→ **GIVEN ENTRIES**
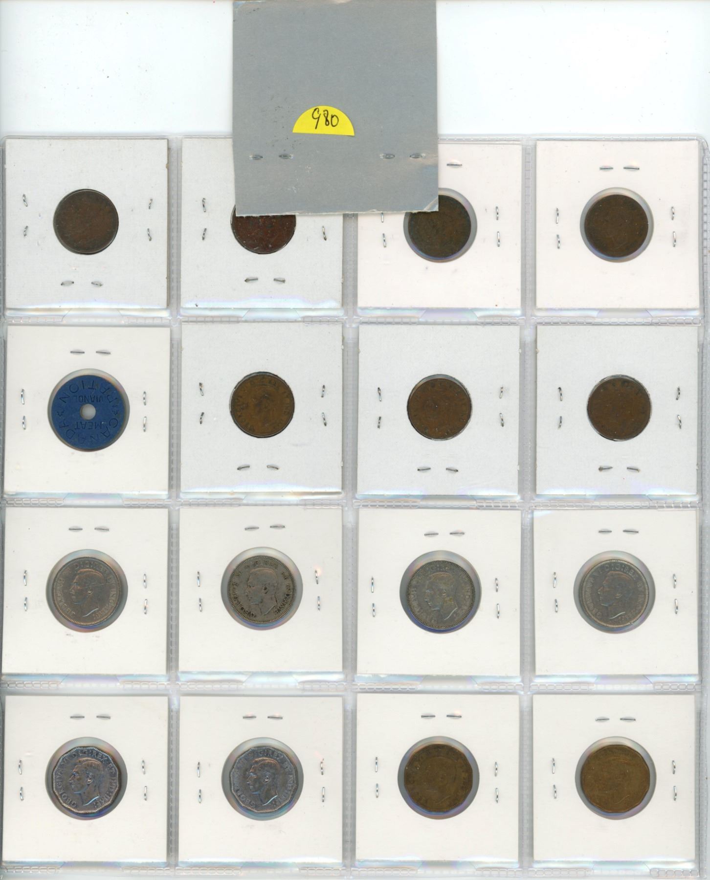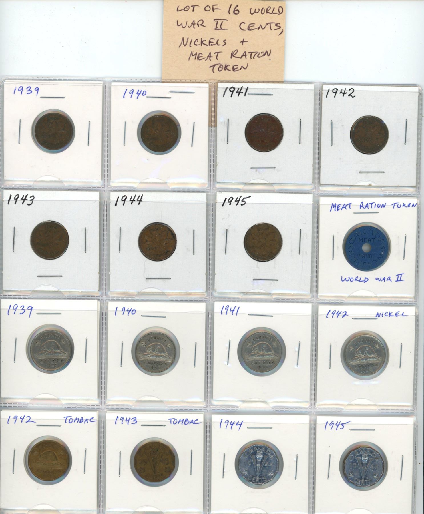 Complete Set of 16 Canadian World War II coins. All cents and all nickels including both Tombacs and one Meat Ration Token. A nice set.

* * *

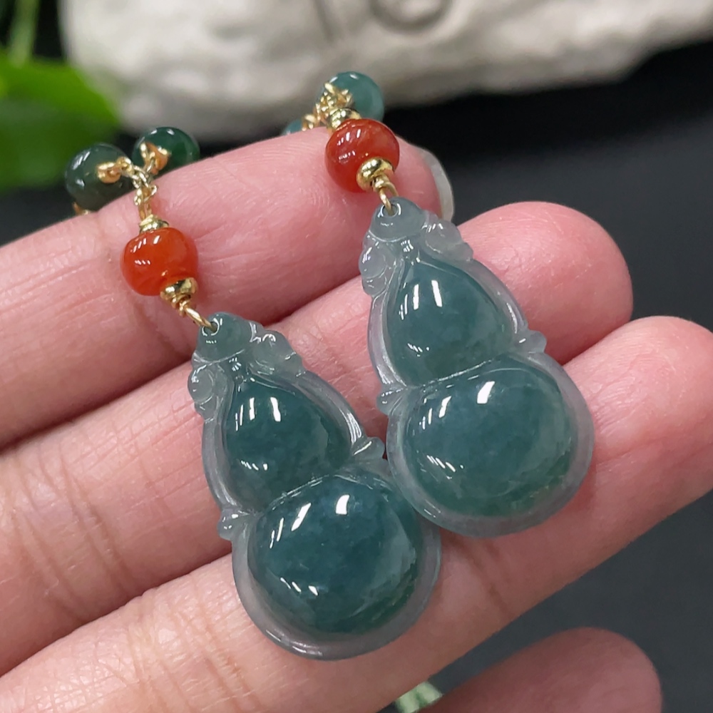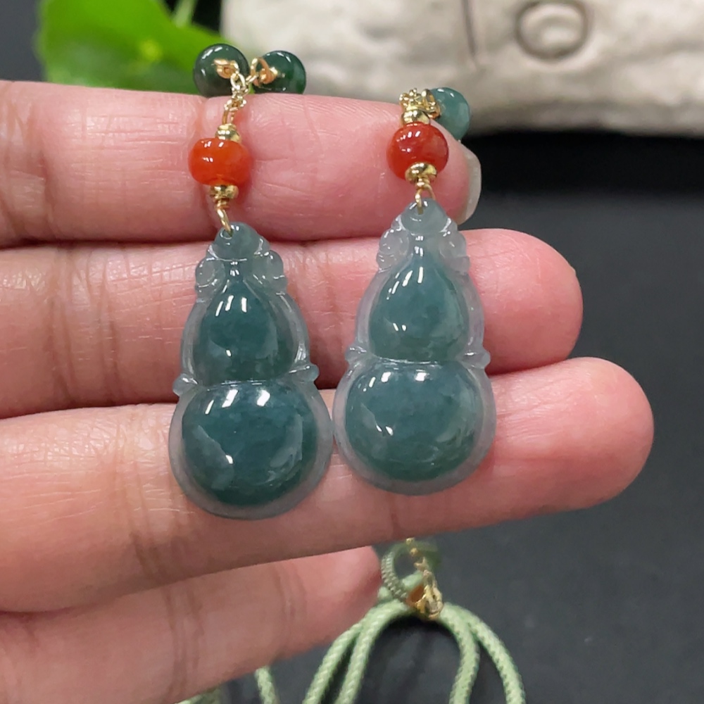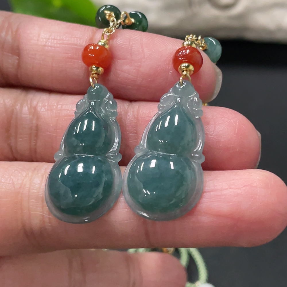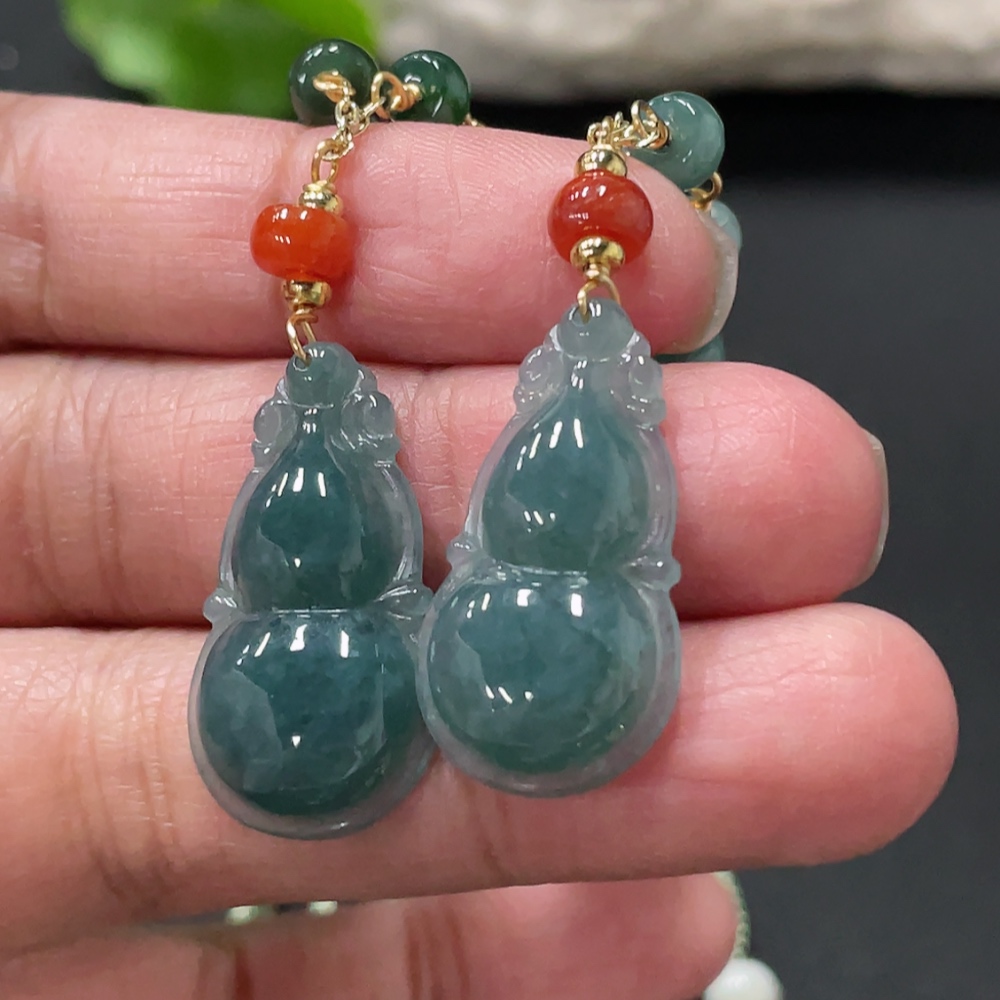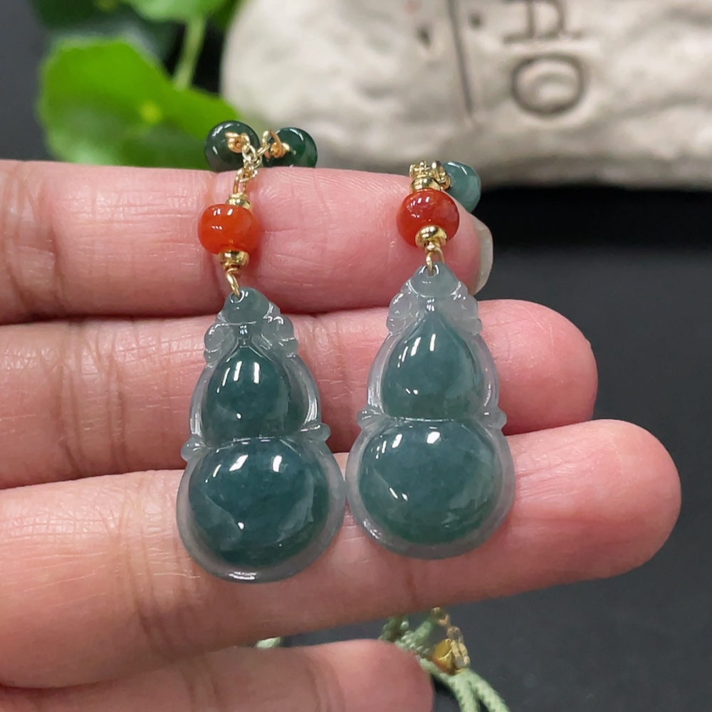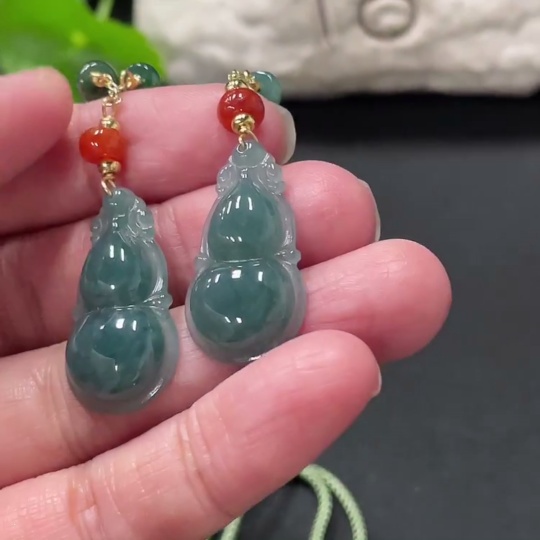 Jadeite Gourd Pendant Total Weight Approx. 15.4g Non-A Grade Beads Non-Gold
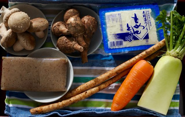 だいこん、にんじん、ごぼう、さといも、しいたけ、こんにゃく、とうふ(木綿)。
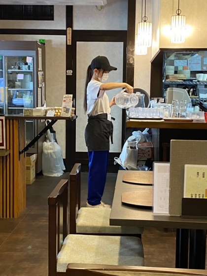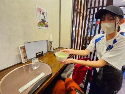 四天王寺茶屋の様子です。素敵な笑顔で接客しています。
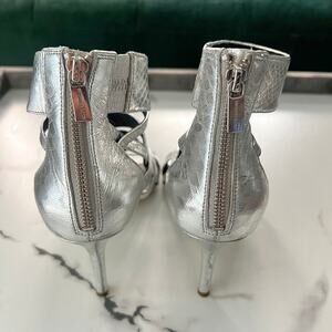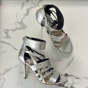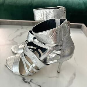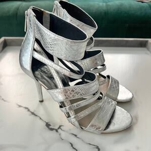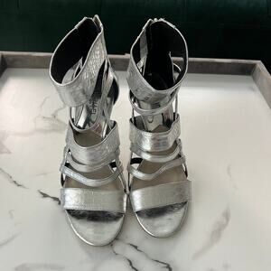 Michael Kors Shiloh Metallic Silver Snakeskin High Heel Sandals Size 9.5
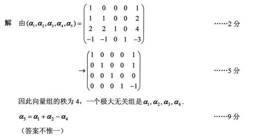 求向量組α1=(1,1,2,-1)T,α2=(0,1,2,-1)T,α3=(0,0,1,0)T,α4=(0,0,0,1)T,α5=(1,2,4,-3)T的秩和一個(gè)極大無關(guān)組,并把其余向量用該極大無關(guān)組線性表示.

→ **WHAT TO PRODUCE**
Only the lines starting at the one with "Michael Kors Shiloh" and ending at the one with "求向量組α1=(1,1,2,-1)T,α" should be printed, each exactly as it appears in the material above; the pictures are to be omitted.

→ **SOLVED EXERCISE**
 Michael Kors Shiloh Metallic Silver Snakeskin High Heel Sandals Size 9.5
 求向量組α1=(1,1,2,-1)T,α2=(0,1,2,-1)T,α3=(0,0,1,0)T,α4=(0,0,0,1)T,α5=(1,2,4,-3)T的秩和一個(gè)極大無關(guān)組,并把其余向量用該極大無關(guān)組線性表示.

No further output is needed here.